**DATA EXTRACT**
┌──

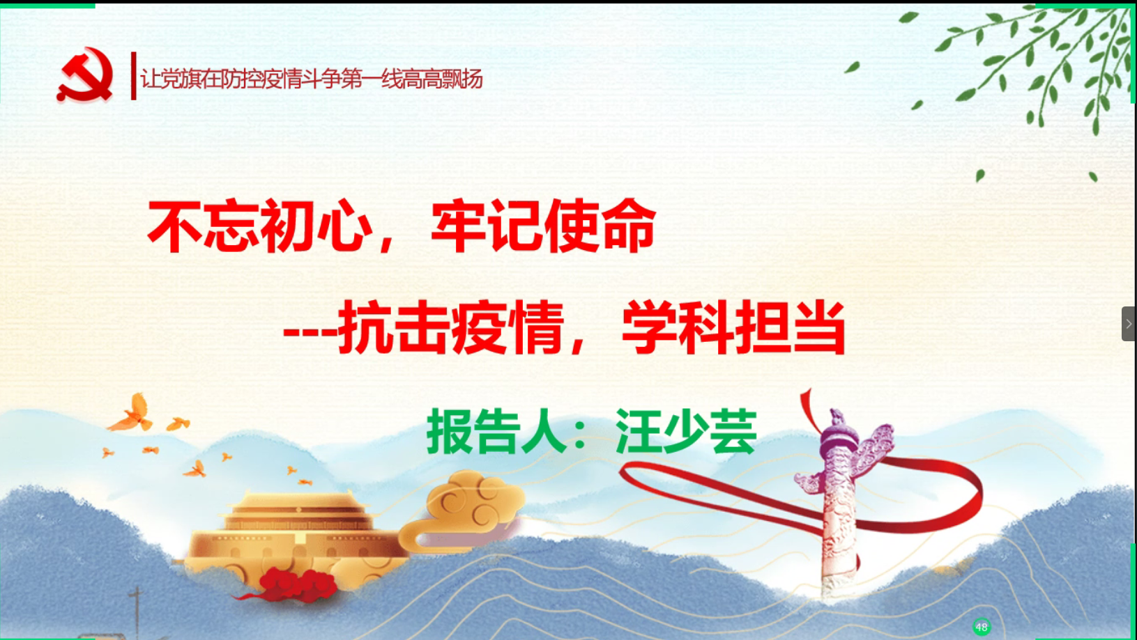 課堂上,汪院長從“不忘初心,牢記使命”、“堅持發揚黨的優良傳統和作風”、“抗擊疫情,學科擔當”三個方面對此次主題黨課展開講述。她強調,共產黨員要充分發揮模范帶頭作用,主動承擔學校分配的各項工作任務,毫不放松地打贏疫情防控大考之戰。在抗擊疫情的同時,要堅持實事求是,密切聯系群眾,繼續艱苦奮斗;要在實踐中不斷提升工作的本領和能力,運用自身學科優勢積極參與抗疫。
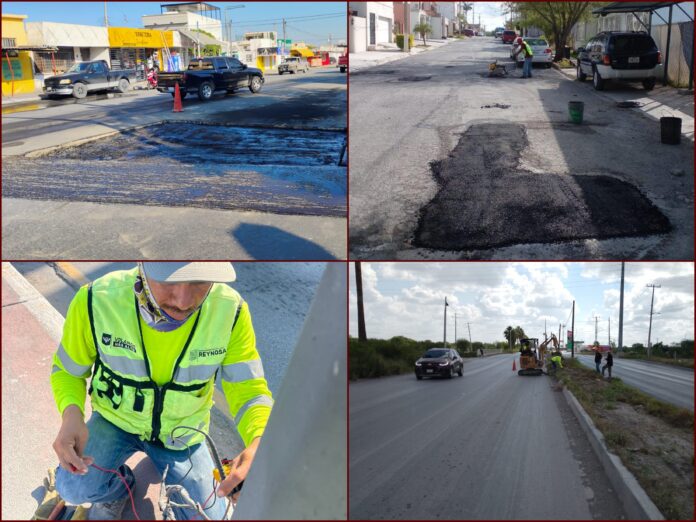Con el firme propósito de ofrecer mejores condiciones de movilidad y seguridad, el Gobierno Municipal de Reynosa, bajo la dirección del alcalde Carlos Peña Ortiz, intensifica los trabajos de bacheo y modernización del alumbrado público en puntos clave de la ciudad.
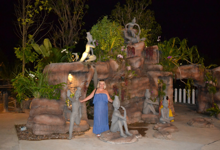 Нашла его без проблем по указателям. Мне выделили столик. Поужинала, объелась всяких местных сладостей. У меня в последнее время и так обнаружить талию не легко, ну да ладно… издержки лечения на Родине. Пора двигаться на шоу, секюрити увидев мой фотоаппарат, разворачивает меня и направляет по другой дорожке, где меня передает в руки, другого сотрудника, фотоаппарат у меня изымают, заворачивают в сумку и отдают номерок, по которому я получила свой ф\а после представления. Шоу меня поразило своим размахом. Короче не буду писать что и как происходило, искренне желаю сходить на шоу самим, чтобы насладиться этим зрелищем. Под впечатлением, подхожу к таечке, которая (как я поняла) по списку в руках рассаживает в трансфер, выпячиваю грудь, на которой красуется наклейка, она находит меня в списках по названию отеля и провожает в микроавтобус…. Как потом оказалось не в тот. Микроавтобус заполнился, все начали разъезжаться, наш и еще один стояли долго, все уже начали возмущаться. Через какое-то время заглядывает к нам та же таечка и просит каждого назвать отель…когда очередь доходит до меня, она радостно начинает махать руками и просить меня выйти из автобуса. Зашибись подумала я. Наверно я им так понравилась, что они хотят меня оставить, ладно хоть деньги с собой…уж очень хочется в итоге попасть к своему мужу все-таки. Выхожу, она просит извинения и пересаживает меня в другой автобус…ну все…а я уж подумала…ладно не стать мне звездой шоу, поеду к любимому мужу. Наташка с радостью сгребла меня в свои объятия. Приехали мужья…тоже под впечатлением. Ну, все пора ложится спать…завтра нас ждет национальный парк Кхао Лакх….Продолжение следует.

└──

**ACTION ITEM**
Only the lines between the one containing "Con el firme" and the last line of the listing above, both included, should be written out, exactly and without pictures.

**YOUR RESPONSE**
Con el firme propósito de ofrecer mejores condiciones de movilidad y seguridad, el Gobierno Municipal de Reynosa, bajo la dirección del alcalde Carlos Peña Ortiz, intensifica los trabajos de bacheo y modernización del alumbrado público en puntos clave de la ciudad.
 Нашла его без проблем по указателям. Мне выделили столик. Поужинала, объелась всяких местных сладостей. У меня в последнее время и так обнаружить талию не легко, ну да ладно… издержки лечения на Родине. Пора двигаться на шоу, секюрити увидев мой фотоаппарат, разворачивает меня и направляет по другой дорожке, где меня передает в руки, другого сотрудника, фотоаппарат у меня изымают, заворачивают в сумку и отдают номерок, по которому я получила свой ф\а после представления. Шоу меня поразило своим размахом. Короче не буду писать что и как происходило, искренне желаю сходить на шоу самим, чтобы насладиться этим зрелищем. Под впечатлением, подхожу к таечке, которая (как я поняла) по списку в руках рассаживает в трансфер, выпячиваю грудь, на которой красуется наклейка, она находит меня в списках по названию отеля и провожает в микроавтобус…. Как потом оказалось не в тот. Микроавтобус заполнился, все начали разъезжаться, наш и еще один стояли долго, все уже начали возмущаться. Через какое-то время заглядывает к нам та же таечка и просит каждого назвать отель…когда очередь доходит до меня, она радостно начинает махать руками и просить меня выйти из автобуса. Зашибись подумала я. Наверно я им так понравилась, что они хотят меня оставить, ладно хоть деньги с собой…уж очень хочется в итоге попасть к своему мужу все-таки. Выхожу, она просит извинения и пересаживает меня в другой автобус…ну все…а я уж подумала…ладно не стать мне звездой шоу, поеду к любимому мужу. Наташка с радостью сгребла меня в свои объятия. Приехали мужья…тоже под впечатлением. Ну, все пора ложится спать…завтра нас ждет национальный парк Кхао Лакх….Продолжение следует.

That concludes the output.